Le bruit des pas se rappela à mon attention et je réalisai avec une sensation de froid intense, que j'assimilais totalement à la peur, que les hommes indésirables s'étaient arrêtés, certainement à moins de quinze pieds de nous, sans que nous ne pussions les apercevoir. Holmes avait également tourné le visage vers la gauche, sans doute pour surveiller la sortie du maigre espace qui nous servait de cachette de fortune. Il avait passé sa main – dans un instant d'incompréhension momentanée et totale pour moi – sur mon flanc gauche, et le poids de mon arme délesta ma veste.

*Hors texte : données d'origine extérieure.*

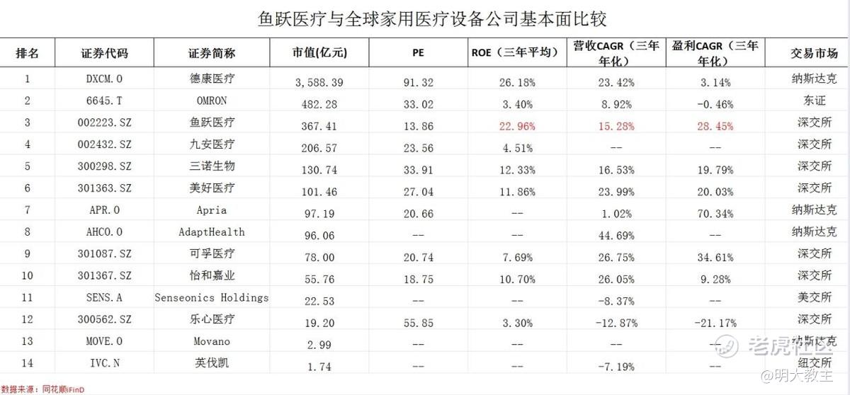 截止4月26日,在与全球居家医疗设备上市公司基本面比较中,鱼跃医疗ROE、营收/净利润复合增速均排名前列,市盈率则处于最低一档。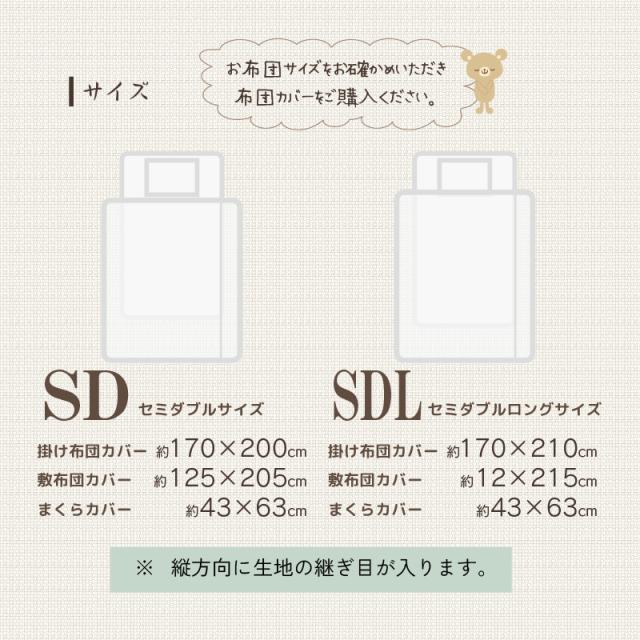 【セミダブルサイズ】(掛けカバー)約170×200cm (敷カバー)約125×205cm (枕カバー)約43×63cm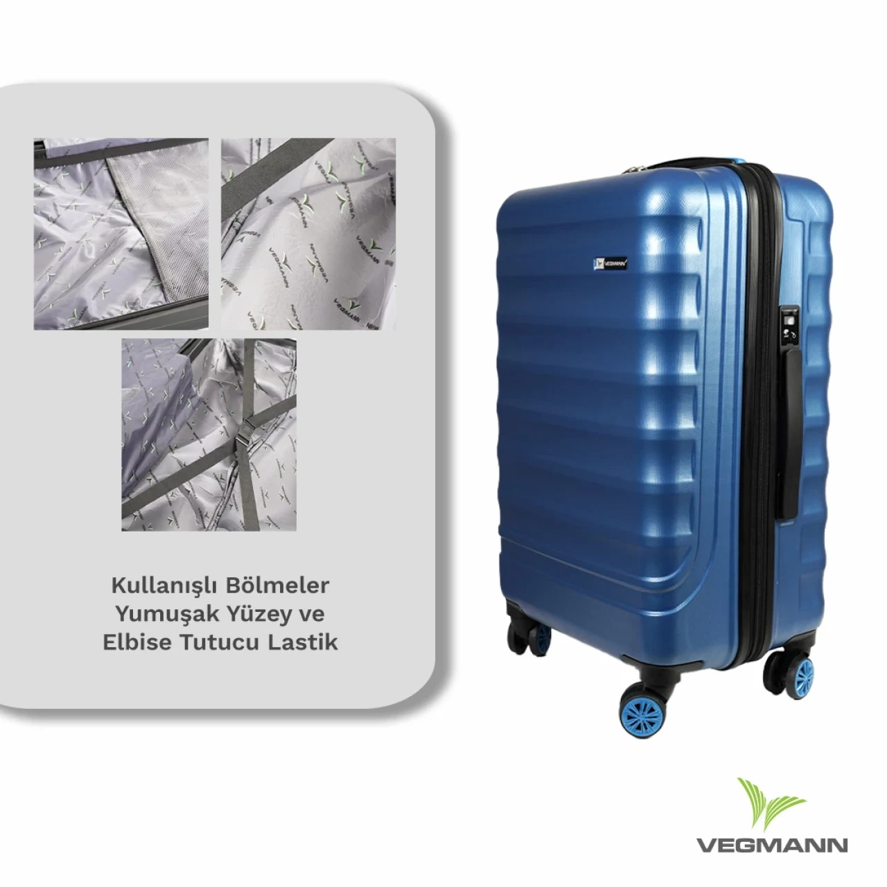 Vegmann Tartılı Scadel Mavi 3 lü Valiz Seti

J'espérai vaillamment que Holmes savait tirer de la main gauche – et ne parvins pas à occulter de mon esprit le fait que le nombre de nos balles était limité et que, même s'il atteignait un homme ou deux, il en était dix autres qui se feraient un plaisir de nous massacrer, faits comme des rats comme nous l'étions.

Ils restaient toujours invisibles à nos yeux, cependant, et c'était tant mieux car cela indiquait que la réciproque était vraie également. Leurs voix nous parvenaient comme si nous avions été parmi eux et ils parlaient très clairement d'un colis exceptionnel – piètre nom de code pour l'homme qui nous intéressait – qu'il fallait à tout prix décharger avant que des fouilles-merdes ne remontent jusqu'à leur bande. Leurs phrases et leurs mots me révélèrent que le QI moyen de nos lascars se situait à des profondeurs globalement abyssales. Leurs élucubrations me soufflèrent également que la violence physique, la cruauté et l'assassinat étaient des notions qu'ils embrassaient avec passion et dynamisme.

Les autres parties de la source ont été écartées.